In dieser späten Schaffensperiode seziert der Altmeister vor allem die erotischen Träume und Phantasmen des Bürgertums und des Katholizismus und macht sich gehörig über sie lustig. In Flashbacks erinnert sich Sévérine, wie sie als Kind die heilige Kommunion empfangen soll (und verweigert). Sévérines wiederkehrende Tagträume, in denen sie durch die Gegend kutschiert und von ihrem Mann und Monsieur Husson bestraft wird, lassen sich auch psychoanalytisch wunderbar ausdeuten. Bei allen Erklärungsansätzen darf man aber auch Buñuels Interesse für Entomologie nicht aus den Augen verlieren: Seine Kamera beobachtet Sévérine wie ein Insekt, dessen Verhalten er studiert, ohne es zu erklären.

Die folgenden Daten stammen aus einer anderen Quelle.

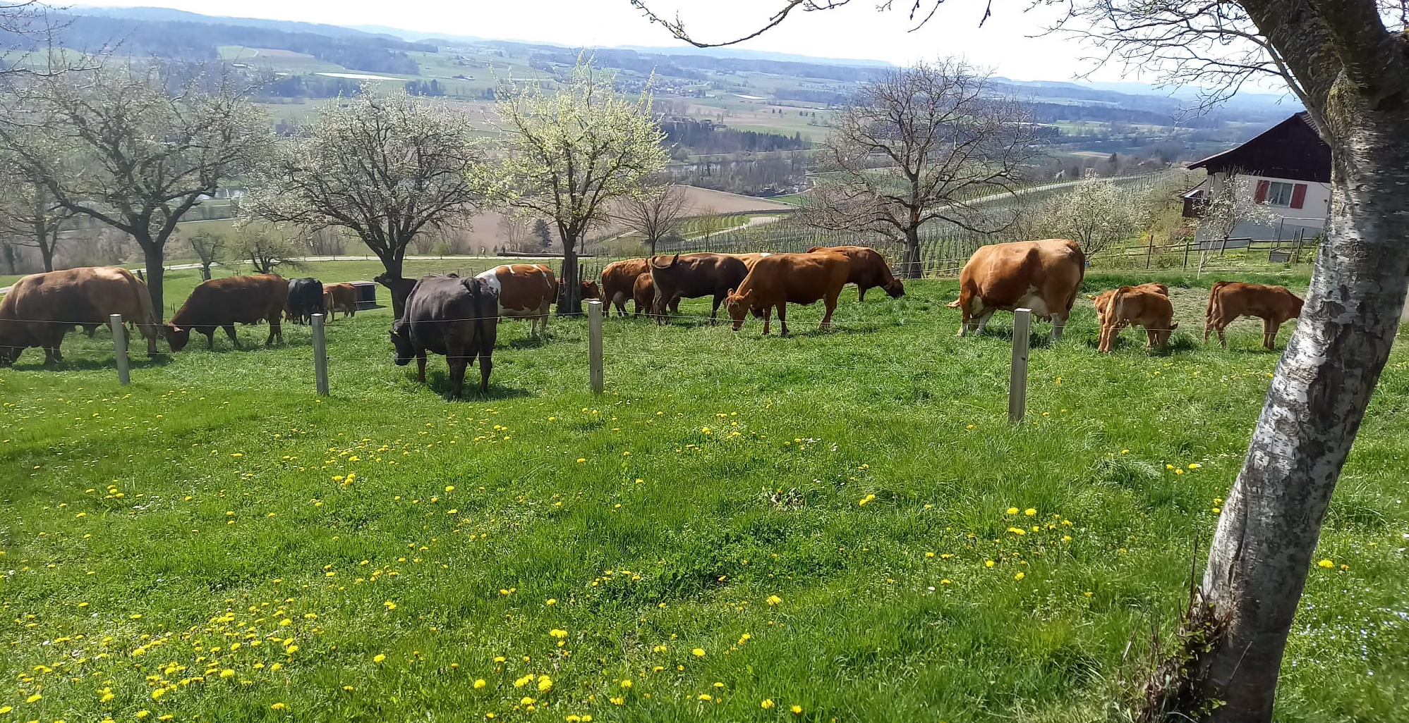 Die natürliche Haltung macht unser Nature-Beef besonders zart und aromatisch. Die Kälber leben im Stall und auf der Weide mit ihren Müttern zusammen und ernähren sich mehrheitlich von Milch, Wasser, Heu und Gras.
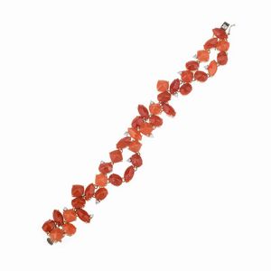 BRACCIALE CON CORALLO E DIAMANTI in oro giallo e bianco 18kt, a maglia morbida e impreziosito da coralli sfaccettati [..]
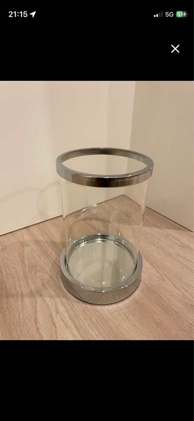 Lanterna de vela em vidro e metal prateado
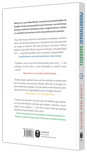 A consultora de produtividade do Google, Laura Mae Martin, fornece passos práticos para otimizar o uso do tempo, alcançar melhores resultados, evitar o esgotamento e cultivar um equilíbrio harmonioso entre vida profissional e pessoal. Todos os dias, dezenas de milhares de funcionários do Google — de executivos a estagiários — confiam nas dicas de Laura Mae Martin para aproveitar ao máximo o próprio tempo. Agora, com Produtividade saudável, Laura oferece sua abordagem única sobre produtividade e bem-estar a qualquer pessoa que queira ser mais eficiente com menos estresse. Laura começou sua carreira na área de vendas do Google, mas rapidamente conquistou seu próprio espaço como especialista em produtividade. Há mais de uma década, auxilia os Googlers a atingir um estado que ela chama de “produtividade zen”: uma abordagem inovadora que utiliza a tecnologia para tirar melhor proveito de seu tempo. Aqui, ela nos ensina a dar passos concretos na direção de nossas prioridades e a manter boa rotina e boas práticas. Os ensinamentos de Laura vão desde como superar a avalanche de e-mails em sua caixa de entrada até gerenciar o próprio calendário e organizar reuniões de forma eficaz, esteja você trabalhando presencialmente, de maneira remota ou em um esquema híbrido.

Das Zeitlose liegt bei Buñuel in den Elementen des Unbewussten

Dass Sévérine auch über das Begehren verschiedener Männer definiert wird, könnte zwar heute als überkommene Chauvi-Perspektive erscheinen. Doch männliches Begehren zeigt Buñuel als komische Besessenheit. Sein letzter Film hieß "Dieses obskure Objekt der Begierde" und erzählte von der Obsession eines älteren Mannes mit einer jungen Frau, die sich ihm verweigerte. Das Objekt des Begehrens entzieht sich. Die Folgen für die Männer: Eifersucht und krankhafte Paranoia. Paradebeispiel ist der Held in "Él", ein krankhaft eifersüchtiger Mann, der überall Zeichen für die Untreue seiner Frau wittert.

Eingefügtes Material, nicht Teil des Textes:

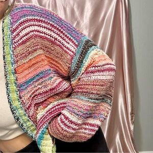 Stay cozy and stylish with this vibrant multicolor striped sweater. Perfect for adding a pop of color to your wardrobe. Size Large.
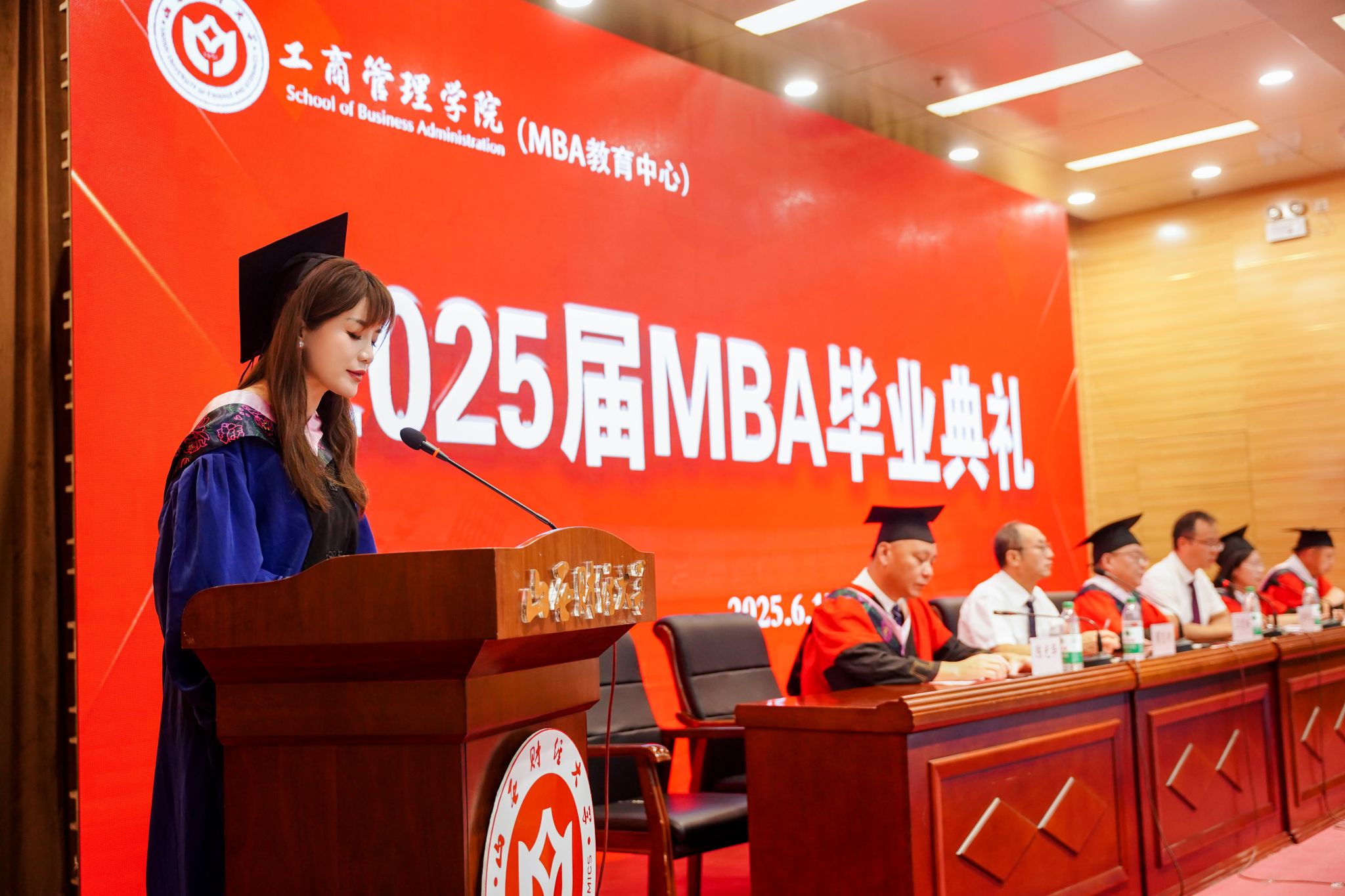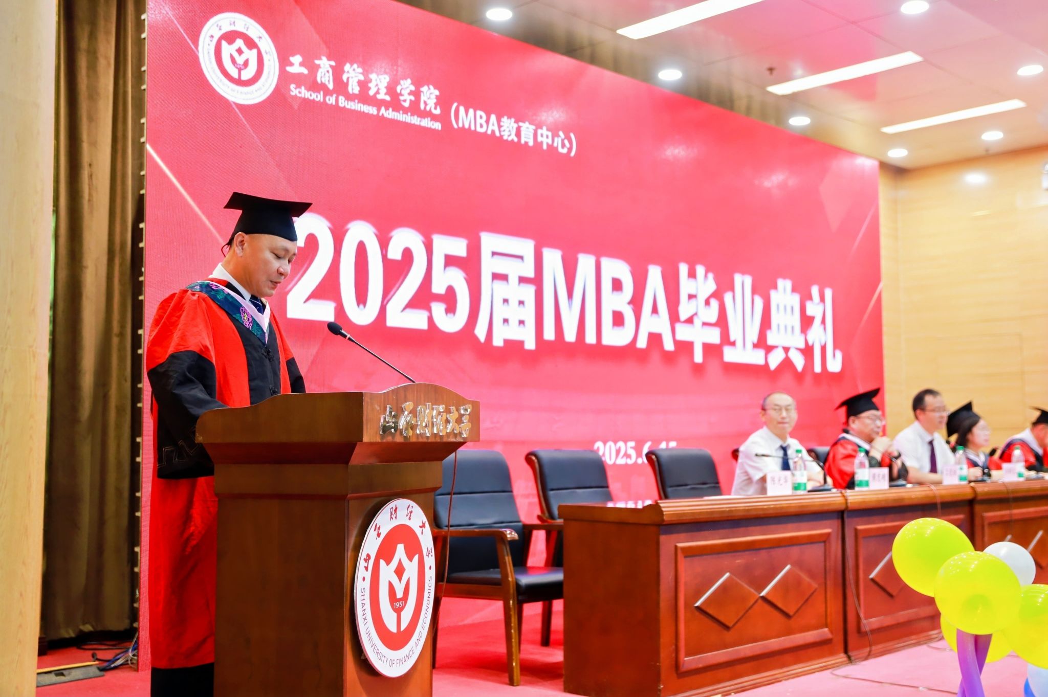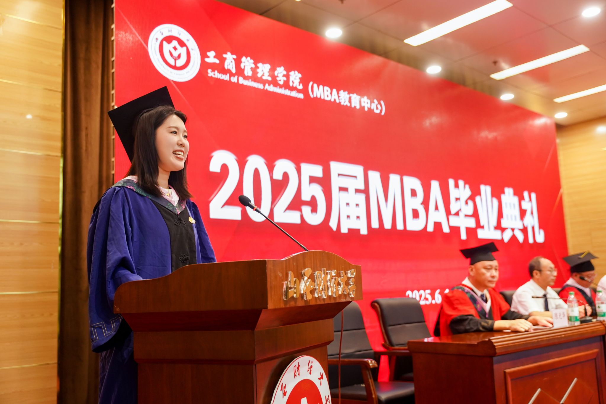 MBA优秀毕业生代表王紫薇追忆在财大多元学习空间的成长,感恩老师启迪与同学并肩学习的时光,表示将带着在财大汲取的智慧与勇气,继续书写时代答卷。
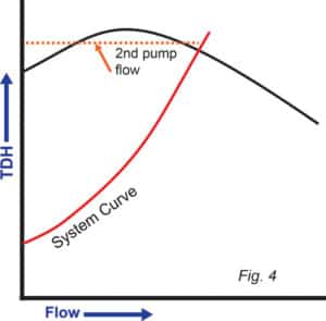 在圖 4 中,系統(tǒng)曲線� TDH 曲線在大于關(guān)� TDH 值的 TDH 和低于曲線的最� TDH � TDH 處相交。當?shù)诙€泵啟動時,流量將僅增加� TDH 與系�(tǒng)壓力匹配的第一個點�
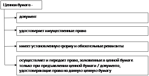 Рассмотрев фундаментальные свойства ценной бумаги, дадим ей определение с экономической точки зрения. Итак, ценная бумага – это форма существования капитала, отличная от его товарной, производственной и денежной форм, которая может передаваться вместо него самого, обращаться на рынке как товар и приносить доход. [2]

Auch seine Zuschauer verwandelt Buñuel zunehmend in Paranoiker, die sich von Symbolen geradezu verfolgt fühlen. Ausgangspunkt diverser exegetischer Wahnvorstellungen in "Belle de Jour" ist vor allem das kleine Kästchen, das ein Klient ins Freudenhaus mitbringt. Er öffnet es vor Sévérine, aber seinen Inhalt kriegen wir nie zu sehen. Ein Symbol vielleicht, das unsere Spekulationen anheizt, aber jede einzelne frustriert zurücklässt.

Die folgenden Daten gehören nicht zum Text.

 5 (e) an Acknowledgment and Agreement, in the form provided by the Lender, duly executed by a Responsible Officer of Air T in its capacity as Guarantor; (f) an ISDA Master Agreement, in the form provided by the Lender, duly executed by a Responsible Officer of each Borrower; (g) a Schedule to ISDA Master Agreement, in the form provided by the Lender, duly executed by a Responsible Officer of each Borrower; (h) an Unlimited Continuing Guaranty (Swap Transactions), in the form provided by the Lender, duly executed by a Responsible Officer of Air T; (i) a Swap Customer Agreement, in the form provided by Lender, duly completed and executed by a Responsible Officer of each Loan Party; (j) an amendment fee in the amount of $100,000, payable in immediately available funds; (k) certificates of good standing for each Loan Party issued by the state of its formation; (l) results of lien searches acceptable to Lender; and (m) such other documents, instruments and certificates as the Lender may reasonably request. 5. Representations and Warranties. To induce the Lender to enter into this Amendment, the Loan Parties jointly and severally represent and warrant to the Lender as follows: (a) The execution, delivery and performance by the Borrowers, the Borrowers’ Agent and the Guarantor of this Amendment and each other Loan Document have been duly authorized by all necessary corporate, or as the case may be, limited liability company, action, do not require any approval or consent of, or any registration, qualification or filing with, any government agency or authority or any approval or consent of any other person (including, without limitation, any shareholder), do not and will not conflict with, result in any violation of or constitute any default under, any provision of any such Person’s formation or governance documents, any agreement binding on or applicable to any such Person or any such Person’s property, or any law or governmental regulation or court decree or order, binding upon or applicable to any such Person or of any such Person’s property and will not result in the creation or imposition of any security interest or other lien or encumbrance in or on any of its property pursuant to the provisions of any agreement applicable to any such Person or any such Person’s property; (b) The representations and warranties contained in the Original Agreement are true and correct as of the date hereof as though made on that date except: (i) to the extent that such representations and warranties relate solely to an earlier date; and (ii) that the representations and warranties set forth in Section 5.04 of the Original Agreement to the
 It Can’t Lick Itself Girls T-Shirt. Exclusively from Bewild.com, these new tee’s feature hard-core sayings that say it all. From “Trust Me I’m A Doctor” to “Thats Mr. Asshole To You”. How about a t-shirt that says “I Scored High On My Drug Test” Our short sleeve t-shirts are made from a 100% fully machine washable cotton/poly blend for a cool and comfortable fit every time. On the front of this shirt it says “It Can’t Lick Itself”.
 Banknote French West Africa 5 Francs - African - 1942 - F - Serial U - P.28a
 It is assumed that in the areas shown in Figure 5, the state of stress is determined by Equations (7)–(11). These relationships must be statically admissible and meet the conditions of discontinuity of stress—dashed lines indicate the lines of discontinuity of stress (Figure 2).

Warum also "Belle de Jour" heute, 2017? Weil ein großer Buñuel- oder Deneuve-Fetischist in einem Filmarchiv jene verlorenen Aufnahmen gefunden hätte, die endlich doch den Inhalt des Kästchens enthüllen? Das wäre ein schöner Buñuelscher Witz - aber der Film läuft völlig unverändert und entwickelt dennoch ganz aktuelle Kraft. Das Zeitlose liegt bei Buñuel in den Elementen des Unbewussten, die nicht nur unverständlich und unausdeutbar, sondern vor allem saukomisch sind. Wenn Sévérine in einem ihrer Tagträume für einen nekrophilen Adeligen in einem Sarg liegt und die Tote spielt, stört dessen Diener das Ritual mit der absurden Frage: "Soll ich die Katzen reinlassen?" So dominiert der Witz über einen vermeintlich verborgenen Sinn. Als würde man sich beim Aufwachen an einen Traum erinnern und über seinen Rätseln in schallendes Gelächter ausbrechen.

Belle de Jour, FRA/ITA 1967 - Regie: Luis Buñuel. Buch: Buñuel, Jean-Claude Carrière, Joseph Kessel. Kamera: Sacha Vierny. Mit Catherine Deneuve, Jean Sorel, Michel Piccoli. Studiocanal, 110 Min.